> _What needs to be done_:
When scanning the data, count every line with "available" in it, and report only the resulting number.

> _Collected data entries_:

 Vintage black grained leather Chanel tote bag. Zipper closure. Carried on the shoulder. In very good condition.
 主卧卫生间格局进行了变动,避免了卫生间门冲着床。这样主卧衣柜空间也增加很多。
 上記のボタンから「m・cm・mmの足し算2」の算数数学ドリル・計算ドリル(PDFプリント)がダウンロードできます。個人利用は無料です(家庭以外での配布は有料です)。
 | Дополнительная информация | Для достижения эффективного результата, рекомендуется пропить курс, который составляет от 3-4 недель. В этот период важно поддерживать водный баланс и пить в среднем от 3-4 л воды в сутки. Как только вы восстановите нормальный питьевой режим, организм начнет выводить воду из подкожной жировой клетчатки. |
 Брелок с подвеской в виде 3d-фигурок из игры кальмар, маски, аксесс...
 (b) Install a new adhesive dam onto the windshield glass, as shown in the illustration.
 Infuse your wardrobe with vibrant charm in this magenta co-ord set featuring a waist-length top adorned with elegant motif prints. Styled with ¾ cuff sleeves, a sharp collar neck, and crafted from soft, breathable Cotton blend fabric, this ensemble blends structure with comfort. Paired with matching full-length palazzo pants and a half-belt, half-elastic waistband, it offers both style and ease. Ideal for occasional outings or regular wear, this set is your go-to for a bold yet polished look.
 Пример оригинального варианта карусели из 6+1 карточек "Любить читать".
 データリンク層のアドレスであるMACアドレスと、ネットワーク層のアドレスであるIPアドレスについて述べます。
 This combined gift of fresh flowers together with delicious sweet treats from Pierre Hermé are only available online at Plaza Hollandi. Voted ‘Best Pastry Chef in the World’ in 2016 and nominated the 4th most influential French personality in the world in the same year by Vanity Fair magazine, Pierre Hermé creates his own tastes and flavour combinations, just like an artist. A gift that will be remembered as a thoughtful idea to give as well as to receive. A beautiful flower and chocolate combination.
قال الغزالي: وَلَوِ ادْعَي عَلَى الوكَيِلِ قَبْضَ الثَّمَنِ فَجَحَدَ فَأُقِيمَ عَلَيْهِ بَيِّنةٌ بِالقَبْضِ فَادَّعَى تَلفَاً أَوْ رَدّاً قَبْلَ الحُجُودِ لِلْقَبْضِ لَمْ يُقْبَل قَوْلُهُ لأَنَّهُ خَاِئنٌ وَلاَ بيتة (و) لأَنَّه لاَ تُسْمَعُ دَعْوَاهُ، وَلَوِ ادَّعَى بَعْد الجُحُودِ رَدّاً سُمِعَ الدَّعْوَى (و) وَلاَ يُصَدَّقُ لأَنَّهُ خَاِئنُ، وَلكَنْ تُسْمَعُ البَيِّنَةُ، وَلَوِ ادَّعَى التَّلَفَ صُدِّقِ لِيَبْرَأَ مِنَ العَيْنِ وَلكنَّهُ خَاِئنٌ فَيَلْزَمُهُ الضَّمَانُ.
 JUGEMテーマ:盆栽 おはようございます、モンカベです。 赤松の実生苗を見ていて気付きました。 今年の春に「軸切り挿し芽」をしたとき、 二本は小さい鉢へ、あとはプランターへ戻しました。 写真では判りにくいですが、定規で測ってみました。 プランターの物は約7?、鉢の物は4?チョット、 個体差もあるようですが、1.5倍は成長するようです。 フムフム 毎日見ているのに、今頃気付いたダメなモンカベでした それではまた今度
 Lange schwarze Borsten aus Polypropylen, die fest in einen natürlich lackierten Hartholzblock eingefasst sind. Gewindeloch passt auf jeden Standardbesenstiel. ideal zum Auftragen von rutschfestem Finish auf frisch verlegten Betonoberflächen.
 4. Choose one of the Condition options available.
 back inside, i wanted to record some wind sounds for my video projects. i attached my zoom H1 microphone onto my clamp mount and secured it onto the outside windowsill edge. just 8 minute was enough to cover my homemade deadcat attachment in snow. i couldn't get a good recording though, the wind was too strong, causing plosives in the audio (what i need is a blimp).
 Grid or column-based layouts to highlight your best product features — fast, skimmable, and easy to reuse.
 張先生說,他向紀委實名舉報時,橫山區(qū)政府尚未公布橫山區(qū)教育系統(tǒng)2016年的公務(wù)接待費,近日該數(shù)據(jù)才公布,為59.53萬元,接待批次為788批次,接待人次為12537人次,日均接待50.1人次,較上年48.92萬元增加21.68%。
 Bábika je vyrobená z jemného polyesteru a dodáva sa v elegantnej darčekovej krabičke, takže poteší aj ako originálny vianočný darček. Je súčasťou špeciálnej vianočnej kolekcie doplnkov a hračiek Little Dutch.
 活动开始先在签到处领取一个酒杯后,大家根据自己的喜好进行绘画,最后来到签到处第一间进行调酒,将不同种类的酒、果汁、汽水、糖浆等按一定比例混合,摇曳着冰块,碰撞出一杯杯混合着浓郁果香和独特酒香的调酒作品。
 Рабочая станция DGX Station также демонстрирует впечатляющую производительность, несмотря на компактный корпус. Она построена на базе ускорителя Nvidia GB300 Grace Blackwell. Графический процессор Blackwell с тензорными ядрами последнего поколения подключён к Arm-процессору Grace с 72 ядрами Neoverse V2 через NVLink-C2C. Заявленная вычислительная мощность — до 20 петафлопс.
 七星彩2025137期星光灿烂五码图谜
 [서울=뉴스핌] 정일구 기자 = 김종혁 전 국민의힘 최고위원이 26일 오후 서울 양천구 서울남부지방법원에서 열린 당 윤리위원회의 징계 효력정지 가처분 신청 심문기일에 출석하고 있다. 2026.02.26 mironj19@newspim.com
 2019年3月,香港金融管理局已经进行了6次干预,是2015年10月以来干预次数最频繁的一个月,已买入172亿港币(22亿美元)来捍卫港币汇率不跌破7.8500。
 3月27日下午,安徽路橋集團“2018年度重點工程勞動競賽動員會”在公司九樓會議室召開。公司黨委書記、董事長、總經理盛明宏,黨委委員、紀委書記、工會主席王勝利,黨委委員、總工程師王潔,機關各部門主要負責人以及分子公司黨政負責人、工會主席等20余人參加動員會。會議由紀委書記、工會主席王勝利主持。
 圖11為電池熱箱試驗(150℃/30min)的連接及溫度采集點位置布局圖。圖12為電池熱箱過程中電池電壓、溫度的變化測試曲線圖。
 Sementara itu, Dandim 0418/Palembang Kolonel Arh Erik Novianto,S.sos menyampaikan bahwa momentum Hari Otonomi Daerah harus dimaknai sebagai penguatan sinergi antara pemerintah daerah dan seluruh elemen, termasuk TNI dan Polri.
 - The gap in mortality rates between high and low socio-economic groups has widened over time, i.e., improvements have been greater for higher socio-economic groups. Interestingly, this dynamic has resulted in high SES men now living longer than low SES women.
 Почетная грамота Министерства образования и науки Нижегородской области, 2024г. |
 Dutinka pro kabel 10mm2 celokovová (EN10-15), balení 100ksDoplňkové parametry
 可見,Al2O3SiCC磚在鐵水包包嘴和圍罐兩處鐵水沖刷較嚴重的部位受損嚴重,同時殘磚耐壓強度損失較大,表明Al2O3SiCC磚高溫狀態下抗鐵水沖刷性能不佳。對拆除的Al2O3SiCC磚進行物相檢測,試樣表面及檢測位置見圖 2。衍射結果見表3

> _Response_:
2